═══ INFORMATION PROVIDED ═══

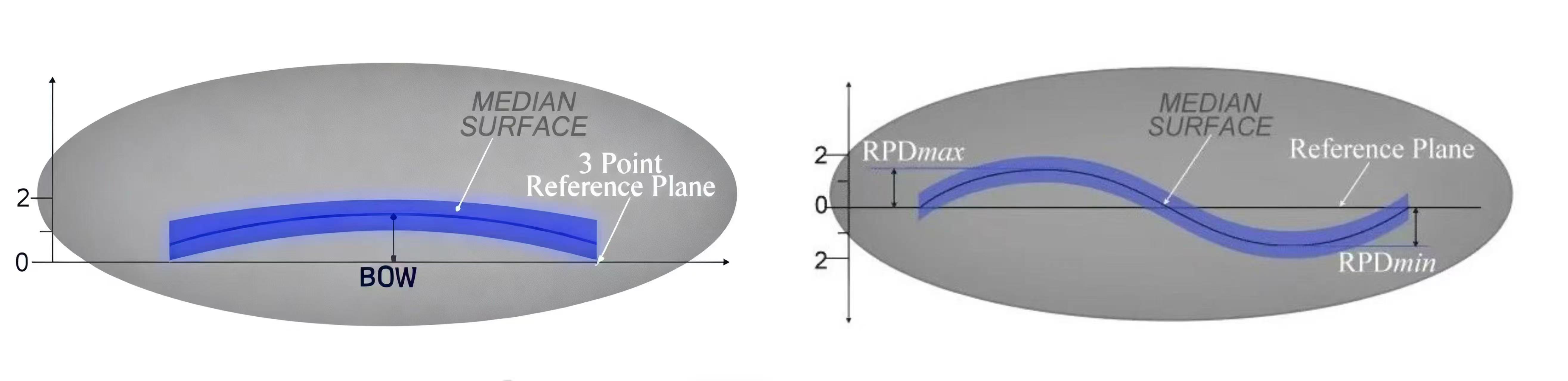 धनुष संकेतक वेफर केंद्र क्षेत्र के ऊर्ध्वाधर ऑफसेट पर ध्यान केंद्रित करता है, जो केवल स्थानीय झुकने की स्थिति को दर्शाता है। यह उन परिदृश्यों के मूल्यांकन के लिए उपयुक्त है जो स्थानीय समतलता के प्रति संवेदनशील हैं। वार्प संकेतक समग्र समतलता और विकृति का आकलन करने के लिए उपयोगी है क्योंकि यह संपूर्ण वेफर सतह के विचलन पर विचार करता है और संपूर्ण वेफर के लिए समग्र समतलता पर जानकारी प्रदान करता है।
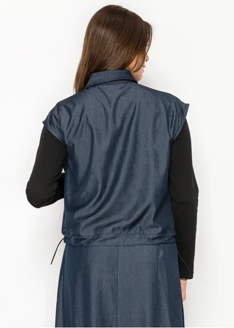Navy Sleeveless Shirt with Drawstring Waist
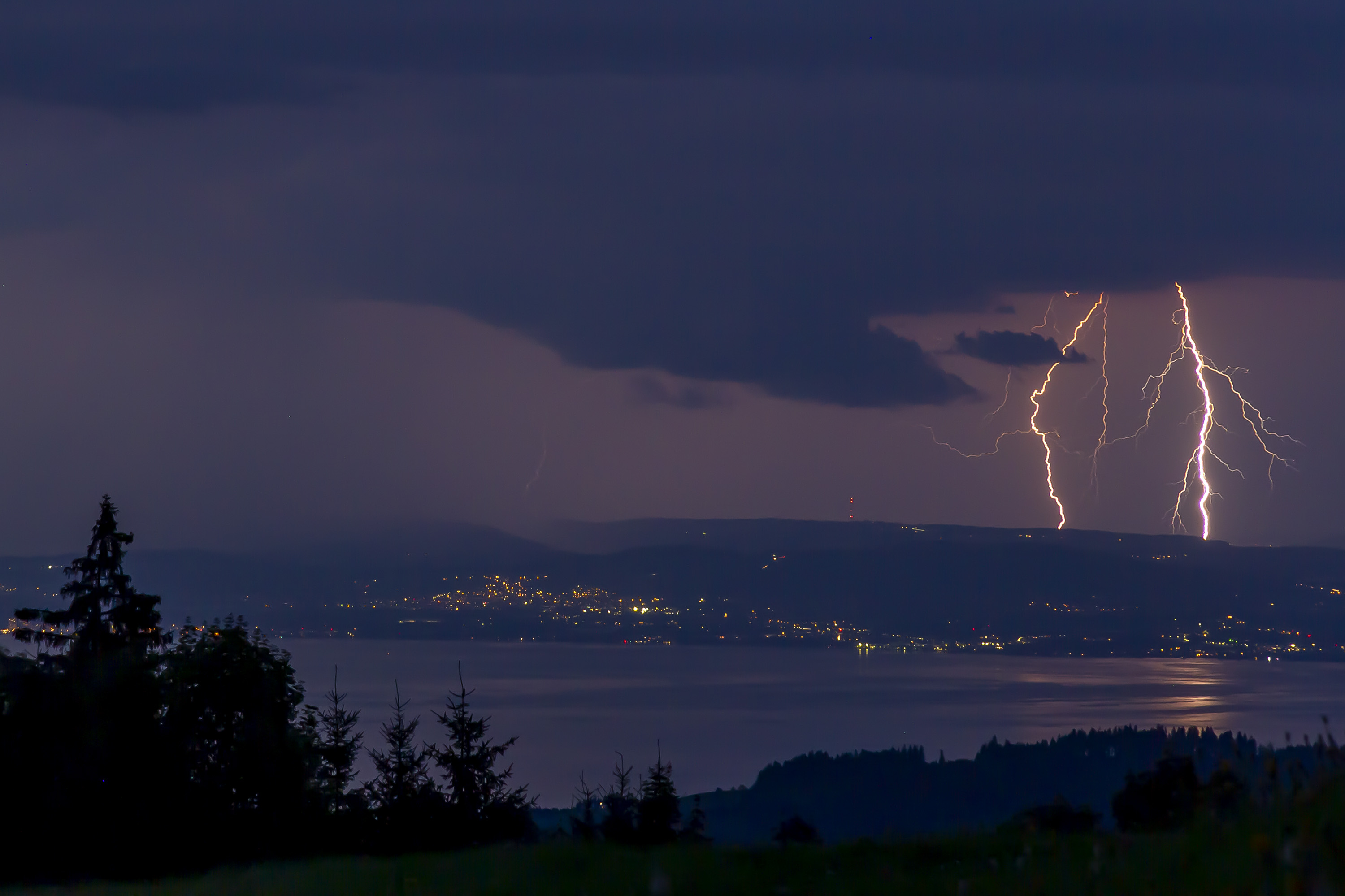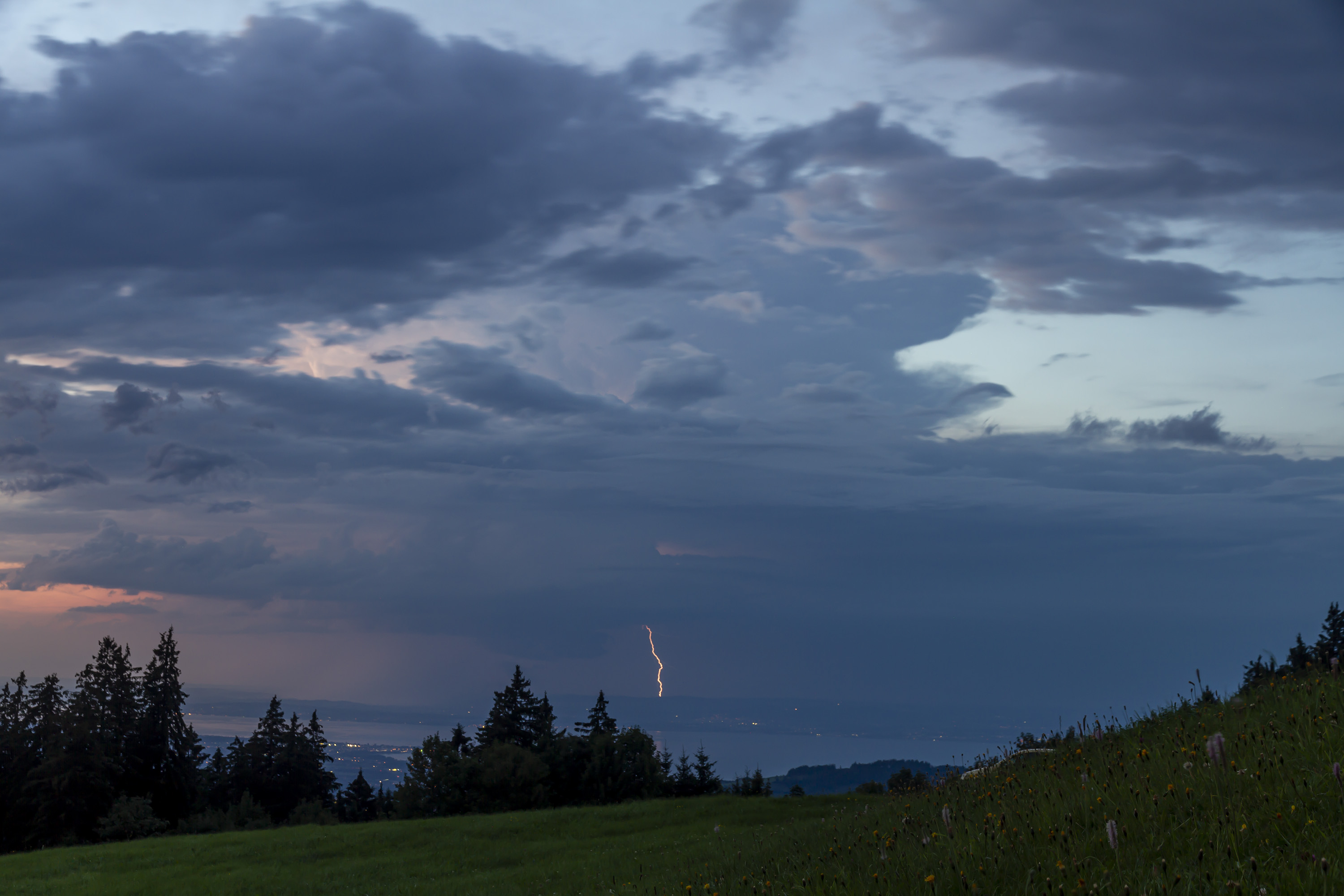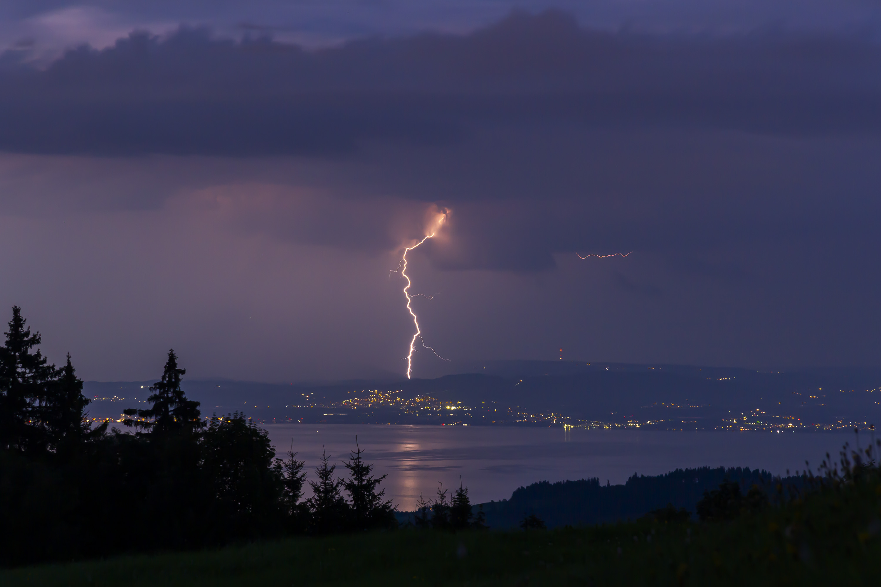 Es ist die sehr glückliche Konstellation, dass die Distanz von hier zum See etwa gleich ist, wie vom See zum Gewitter nördlich davon. Damit reflektiert sich das Licht der Blitze im Wasser, ohne dass man am See unten sein muss. Ich habe lange auf sowas gewartet!

═══

— BRIEF —
Repeat the data word for word, minus any pictures.

— ANSWER —
 धनुष संकेतक वेफर केंद्र क्षेत्र के ऊर्ध्वाधर ऑफसेट पर ध्यान केंद्रित करता है, जो केवल स्थानीय झुकने की स्थिति को दर्शाता है। यह उन परिदृश्यों के मूल्यांकन के लिए उपयुक्त है जो स्थानीय समतलता के प्रति संवेदनशील हैं। वार्प संकेतक समग्र समतलता और विकृति का आकलन करने के लिए उपयोगी है क्योंकि यह संपूर्ण वेफर सतह के विचलन पर विचार करता है और संपूर्ण वेफर के लिए समग्र समतलता पर जानकारी प्रदान करता है।
Navy Sleeveless Shirt with Drawstring Waist
 Es ist die sehr glückliche Konstellation, dass die Distanz von hier zum See etwa gleich ist, wie vom See zum Gewitter nördlich davon. Damit reflektiert sich das Licht der Blitze im Wasser, ohne dass man am See unten sein muss. Ich habe lange auf sowas gewartet!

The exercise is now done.